=== Begin Enclosure ===
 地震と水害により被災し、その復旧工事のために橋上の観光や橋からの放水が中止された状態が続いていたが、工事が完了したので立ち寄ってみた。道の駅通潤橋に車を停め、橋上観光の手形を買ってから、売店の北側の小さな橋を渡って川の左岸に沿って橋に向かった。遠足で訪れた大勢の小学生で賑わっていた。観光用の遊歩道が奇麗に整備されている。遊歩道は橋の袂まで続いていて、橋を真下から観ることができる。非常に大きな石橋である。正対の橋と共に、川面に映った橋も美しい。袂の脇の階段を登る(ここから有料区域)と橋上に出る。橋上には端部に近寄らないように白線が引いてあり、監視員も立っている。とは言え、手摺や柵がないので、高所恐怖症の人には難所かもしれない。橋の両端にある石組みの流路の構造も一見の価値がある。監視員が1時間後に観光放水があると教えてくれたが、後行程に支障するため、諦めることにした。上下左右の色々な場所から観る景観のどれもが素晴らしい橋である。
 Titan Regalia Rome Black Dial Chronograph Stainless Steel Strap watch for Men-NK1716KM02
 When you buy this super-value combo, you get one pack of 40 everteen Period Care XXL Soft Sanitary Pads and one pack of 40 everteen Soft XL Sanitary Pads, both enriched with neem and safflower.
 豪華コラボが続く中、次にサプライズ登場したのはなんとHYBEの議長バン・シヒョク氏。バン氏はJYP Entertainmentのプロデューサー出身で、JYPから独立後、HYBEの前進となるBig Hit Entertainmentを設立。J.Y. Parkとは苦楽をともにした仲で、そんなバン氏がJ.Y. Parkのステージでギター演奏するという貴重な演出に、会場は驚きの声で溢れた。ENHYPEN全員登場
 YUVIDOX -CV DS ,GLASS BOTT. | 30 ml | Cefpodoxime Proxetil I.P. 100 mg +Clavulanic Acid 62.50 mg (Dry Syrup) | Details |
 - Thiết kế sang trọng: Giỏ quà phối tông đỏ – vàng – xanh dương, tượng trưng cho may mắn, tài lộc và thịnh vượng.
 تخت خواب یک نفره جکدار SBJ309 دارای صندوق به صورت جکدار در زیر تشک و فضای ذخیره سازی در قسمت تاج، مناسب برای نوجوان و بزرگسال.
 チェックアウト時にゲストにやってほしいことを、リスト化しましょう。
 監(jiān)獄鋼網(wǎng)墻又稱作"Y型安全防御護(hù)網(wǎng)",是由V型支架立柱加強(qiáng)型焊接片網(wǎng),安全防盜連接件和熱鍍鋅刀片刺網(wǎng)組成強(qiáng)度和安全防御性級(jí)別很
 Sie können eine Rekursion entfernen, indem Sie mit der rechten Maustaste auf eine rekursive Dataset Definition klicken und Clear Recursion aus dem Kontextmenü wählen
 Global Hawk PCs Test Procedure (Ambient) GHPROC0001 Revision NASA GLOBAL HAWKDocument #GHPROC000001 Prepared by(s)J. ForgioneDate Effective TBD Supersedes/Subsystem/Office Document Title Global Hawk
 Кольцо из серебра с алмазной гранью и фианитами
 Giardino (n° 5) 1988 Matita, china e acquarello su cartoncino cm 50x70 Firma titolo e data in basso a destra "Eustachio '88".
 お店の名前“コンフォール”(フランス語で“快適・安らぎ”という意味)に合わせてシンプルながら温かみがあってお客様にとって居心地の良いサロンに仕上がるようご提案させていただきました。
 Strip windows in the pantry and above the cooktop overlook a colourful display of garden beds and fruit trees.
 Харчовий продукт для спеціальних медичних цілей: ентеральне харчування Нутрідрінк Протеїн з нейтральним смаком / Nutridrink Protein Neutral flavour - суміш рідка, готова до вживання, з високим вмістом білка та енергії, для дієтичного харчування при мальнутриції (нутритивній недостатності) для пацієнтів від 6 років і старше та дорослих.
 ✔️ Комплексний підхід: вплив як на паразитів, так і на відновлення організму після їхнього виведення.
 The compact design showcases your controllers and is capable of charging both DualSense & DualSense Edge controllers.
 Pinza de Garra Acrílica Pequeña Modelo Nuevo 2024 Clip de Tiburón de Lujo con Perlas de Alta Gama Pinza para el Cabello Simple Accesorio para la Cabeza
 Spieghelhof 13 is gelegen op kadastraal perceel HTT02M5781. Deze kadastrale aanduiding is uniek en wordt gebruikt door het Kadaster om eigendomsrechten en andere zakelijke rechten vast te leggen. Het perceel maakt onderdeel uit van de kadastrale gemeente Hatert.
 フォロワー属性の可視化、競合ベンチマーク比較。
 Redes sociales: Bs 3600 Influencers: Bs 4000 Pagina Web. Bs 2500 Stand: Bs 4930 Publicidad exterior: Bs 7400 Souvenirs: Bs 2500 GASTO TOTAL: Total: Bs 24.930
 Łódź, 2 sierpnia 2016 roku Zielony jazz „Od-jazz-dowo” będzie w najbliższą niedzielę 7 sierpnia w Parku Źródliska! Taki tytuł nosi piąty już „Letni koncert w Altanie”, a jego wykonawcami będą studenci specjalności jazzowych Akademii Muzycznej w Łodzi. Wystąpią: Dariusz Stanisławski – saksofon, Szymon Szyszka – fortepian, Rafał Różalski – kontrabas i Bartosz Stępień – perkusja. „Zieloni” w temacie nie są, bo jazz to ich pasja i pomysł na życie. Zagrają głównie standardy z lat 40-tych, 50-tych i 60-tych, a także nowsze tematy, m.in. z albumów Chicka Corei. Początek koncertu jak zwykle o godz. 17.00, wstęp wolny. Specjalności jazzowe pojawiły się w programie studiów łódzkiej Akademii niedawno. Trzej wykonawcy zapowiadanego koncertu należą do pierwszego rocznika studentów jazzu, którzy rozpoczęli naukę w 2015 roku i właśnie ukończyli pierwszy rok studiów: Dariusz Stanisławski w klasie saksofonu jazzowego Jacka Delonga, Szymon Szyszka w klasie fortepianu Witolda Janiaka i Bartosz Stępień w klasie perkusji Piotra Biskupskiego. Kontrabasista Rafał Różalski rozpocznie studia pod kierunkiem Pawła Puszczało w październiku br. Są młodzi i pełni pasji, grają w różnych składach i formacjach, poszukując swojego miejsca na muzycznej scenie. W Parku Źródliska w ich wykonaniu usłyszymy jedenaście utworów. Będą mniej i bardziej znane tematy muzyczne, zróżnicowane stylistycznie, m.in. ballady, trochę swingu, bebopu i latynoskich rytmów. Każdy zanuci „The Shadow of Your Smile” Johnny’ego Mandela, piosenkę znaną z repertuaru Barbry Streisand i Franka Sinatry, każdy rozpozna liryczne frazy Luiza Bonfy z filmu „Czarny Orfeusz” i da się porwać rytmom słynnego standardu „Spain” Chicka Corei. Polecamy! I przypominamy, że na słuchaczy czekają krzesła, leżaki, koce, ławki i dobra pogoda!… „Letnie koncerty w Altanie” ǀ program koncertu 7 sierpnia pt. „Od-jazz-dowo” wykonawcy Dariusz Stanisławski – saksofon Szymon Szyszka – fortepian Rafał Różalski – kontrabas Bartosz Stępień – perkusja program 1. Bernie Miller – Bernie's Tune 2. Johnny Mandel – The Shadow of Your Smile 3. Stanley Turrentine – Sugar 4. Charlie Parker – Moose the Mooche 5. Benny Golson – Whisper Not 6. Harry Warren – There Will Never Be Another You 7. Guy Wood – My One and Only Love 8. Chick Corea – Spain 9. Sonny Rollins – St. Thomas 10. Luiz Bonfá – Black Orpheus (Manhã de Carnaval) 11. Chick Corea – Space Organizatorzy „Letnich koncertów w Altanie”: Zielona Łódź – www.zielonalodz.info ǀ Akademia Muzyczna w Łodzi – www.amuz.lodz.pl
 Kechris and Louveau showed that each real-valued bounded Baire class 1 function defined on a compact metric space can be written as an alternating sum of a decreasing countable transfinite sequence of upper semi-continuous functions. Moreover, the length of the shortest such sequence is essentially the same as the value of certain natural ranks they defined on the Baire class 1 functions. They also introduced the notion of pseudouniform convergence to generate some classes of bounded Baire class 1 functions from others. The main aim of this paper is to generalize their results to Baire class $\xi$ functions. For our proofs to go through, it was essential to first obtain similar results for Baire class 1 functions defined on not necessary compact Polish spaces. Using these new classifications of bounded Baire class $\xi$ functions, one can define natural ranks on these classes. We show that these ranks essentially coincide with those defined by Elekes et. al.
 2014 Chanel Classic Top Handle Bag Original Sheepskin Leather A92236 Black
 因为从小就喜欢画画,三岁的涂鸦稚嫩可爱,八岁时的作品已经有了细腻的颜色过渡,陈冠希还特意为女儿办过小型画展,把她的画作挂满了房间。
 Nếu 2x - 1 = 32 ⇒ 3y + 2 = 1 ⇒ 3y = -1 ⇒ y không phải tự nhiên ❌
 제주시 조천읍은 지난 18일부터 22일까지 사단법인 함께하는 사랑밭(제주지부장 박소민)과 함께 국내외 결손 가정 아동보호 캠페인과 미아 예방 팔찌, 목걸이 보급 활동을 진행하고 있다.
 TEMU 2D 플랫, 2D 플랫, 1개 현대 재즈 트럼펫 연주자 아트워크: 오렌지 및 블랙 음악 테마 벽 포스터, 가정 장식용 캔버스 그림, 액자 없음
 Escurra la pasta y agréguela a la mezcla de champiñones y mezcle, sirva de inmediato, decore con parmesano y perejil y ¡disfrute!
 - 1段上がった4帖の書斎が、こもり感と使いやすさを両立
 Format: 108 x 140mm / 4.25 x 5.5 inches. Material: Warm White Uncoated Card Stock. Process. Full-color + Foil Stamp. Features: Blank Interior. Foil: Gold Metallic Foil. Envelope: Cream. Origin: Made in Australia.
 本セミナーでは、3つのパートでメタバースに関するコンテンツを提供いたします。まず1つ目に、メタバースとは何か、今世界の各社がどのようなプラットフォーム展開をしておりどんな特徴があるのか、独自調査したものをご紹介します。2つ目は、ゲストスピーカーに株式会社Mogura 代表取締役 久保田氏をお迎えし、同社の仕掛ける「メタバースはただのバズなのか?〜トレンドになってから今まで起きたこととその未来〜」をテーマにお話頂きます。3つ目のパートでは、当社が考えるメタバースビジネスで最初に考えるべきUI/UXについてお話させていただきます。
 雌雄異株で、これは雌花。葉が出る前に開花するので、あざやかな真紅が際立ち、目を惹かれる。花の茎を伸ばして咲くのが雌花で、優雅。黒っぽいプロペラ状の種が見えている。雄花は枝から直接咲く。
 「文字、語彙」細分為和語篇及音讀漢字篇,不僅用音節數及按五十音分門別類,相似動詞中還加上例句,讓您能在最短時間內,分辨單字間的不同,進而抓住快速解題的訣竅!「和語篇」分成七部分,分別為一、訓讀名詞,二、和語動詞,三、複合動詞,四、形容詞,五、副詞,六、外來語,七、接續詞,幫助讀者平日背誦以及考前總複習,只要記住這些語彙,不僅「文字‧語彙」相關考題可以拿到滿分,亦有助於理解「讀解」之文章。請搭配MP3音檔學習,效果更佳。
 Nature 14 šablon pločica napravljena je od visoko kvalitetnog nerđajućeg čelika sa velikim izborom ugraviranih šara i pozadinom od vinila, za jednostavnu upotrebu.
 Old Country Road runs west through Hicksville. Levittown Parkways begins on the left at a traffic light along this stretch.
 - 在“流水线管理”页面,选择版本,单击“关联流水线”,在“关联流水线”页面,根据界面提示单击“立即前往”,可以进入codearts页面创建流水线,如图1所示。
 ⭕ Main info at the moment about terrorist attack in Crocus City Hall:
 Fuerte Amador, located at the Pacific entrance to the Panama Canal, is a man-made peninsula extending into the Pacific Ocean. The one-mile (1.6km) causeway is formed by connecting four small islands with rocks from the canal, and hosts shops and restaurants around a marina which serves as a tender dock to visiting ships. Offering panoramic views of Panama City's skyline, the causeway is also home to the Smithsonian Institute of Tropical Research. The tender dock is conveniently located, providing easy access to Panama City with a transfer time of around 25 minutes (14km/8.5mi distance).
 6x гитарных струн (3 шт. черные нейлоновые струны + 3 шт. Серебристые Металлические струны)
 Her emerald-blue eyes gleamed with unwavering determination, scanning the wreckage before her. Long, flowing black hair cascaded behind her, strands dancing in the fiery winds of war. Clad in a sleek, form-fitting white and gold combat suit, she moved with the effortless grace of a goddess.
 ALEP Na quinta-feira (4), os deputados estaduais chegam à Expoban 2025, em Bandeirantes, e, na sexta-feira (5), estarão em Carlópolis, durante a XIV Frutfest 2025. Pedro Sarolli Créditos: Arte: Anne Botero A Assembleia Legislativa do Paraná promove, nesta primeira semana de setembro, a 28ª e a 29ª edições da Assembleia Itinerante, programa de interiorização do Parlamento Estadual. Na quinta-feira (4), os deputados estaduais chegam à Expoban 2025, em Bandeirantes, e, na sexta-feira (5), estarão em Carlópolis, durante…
=== End Enclosure ===
• [ACTIVITY]:
Please copy the lines in the records above between the one holding "Nếu 2x - 1 = 32" and the one holding "Main info at", inclusive, exactly and with no other line.

• [SOLUTION FOR THIS PROBLEM]:
 Nếu 2x - 1 = 32 ⇒ 3y + 2 = 1 ⇒ 3y = -1 ⇒ y không phải tự nhiên ❌
 제주시 조천읍은 지난 18일부터 22일까지 사단법인 함께하는 사랑밭(제주지부장 박소민)과 함께 국내외 결손 가정 아동보호 캠페인과 미아 예방 팔찌, 목걸이 보급 활동을 진행하고 있다.
 TEMU 2D 플랫, 2D 플랫, 1개 현대 재즈 트럼펫 연주자 아트워크: 오렌지 및 블랙 음악 테마 벽 포스터, 가정 장식용 캔버스 그림, 액자 없음
 Escurra la pasta y agréguela a la mezcla de champiñones y mezcle, sirva de inmediato, decore con parmesano y perejil y ¡disfrute!
 - 1段上がった4帖の書斎が、こもり感と使いやすさを両立
 Format: 108 x 140mm / 4.25 x 5.5 inches. Material: Warm White Uncoated Card Stock. Process. Full-color + Foil Stamp. Features: Blank Interior. Foil: Gold Metallic Foil. Envelope: Cream. Origin: Made in Australia.
 本セミナーでは、3つのパートでメタバースに関するコンテンツを提供いたします。まず1つ目に、メタバースとは何か、今世界の各社がどのようなプラットフォーム展開をしておりどんな特徴があるのか、独自調査したものをご紹介します。2つ目は、ゲストスピーカーに株式会社Mogura 代表取締役 久保田氏をお迎えし、同社の仕掛ける「メタバースはただのバズなのか?〜トレンドになってから今まで起きたこととその未来〜」をテーマにお話頂きます。3つ目のパートでは、当社が考えるメタバースビジネスで最初に考えるべきUI/UXについてお話させていただきます。
 雌雄異株で、これは雌花。葉が出る前に開花するので、あざやかな真紅が際立ち、目を惹かれる。花の茎を伸ばして咲くのが雌花で、優雅。黒っぽいプロペラ状の種が見えている。雄花は枝から直接咲く。
 「文字、語彙」細分為和語篇及音讀漢字篇,不僅用音節數及按五十音分門別類,相似動詞中還加上例句,讓您能在最短時間內,分辨單字間的不同,進而抓住快速解題的訣竅!「和語篇」分成七部分,分別為一、訓讀名詞,二、和語動詞,三、複合動詞,四、形容詞,五、副詞,六、外來語,七、接續詞,幫助讀者平日背誦以及考前總複習,只要記住這些語彙,不僅「文字‧語彙」相關考題可以拿到滿分,亦有助於理解「讀解」之文章。請搭配MP3音檔學習,效果更佳。
 Nature 14 šablon pločica napravljena je od visoko kvalitetnog nerđajućeg čelika sa velikim izborom ugraviranih šara i pozadinom od vinila, za jednostavnu upotrebu.
 Old Country Road runs west through Hicksville. Levittown Parkways begins on the left at a traffic light along this stretch.
 - 在“流水线管理”页面,选择版本,单击“关联流水线”,在“关联流水线”页面,根据界面提示单击“立即前往”,可以进入codearts页面创建流水线,如图1所示。
 ⭕ Main info at the moment about terrorist attack in Crocus City Hall:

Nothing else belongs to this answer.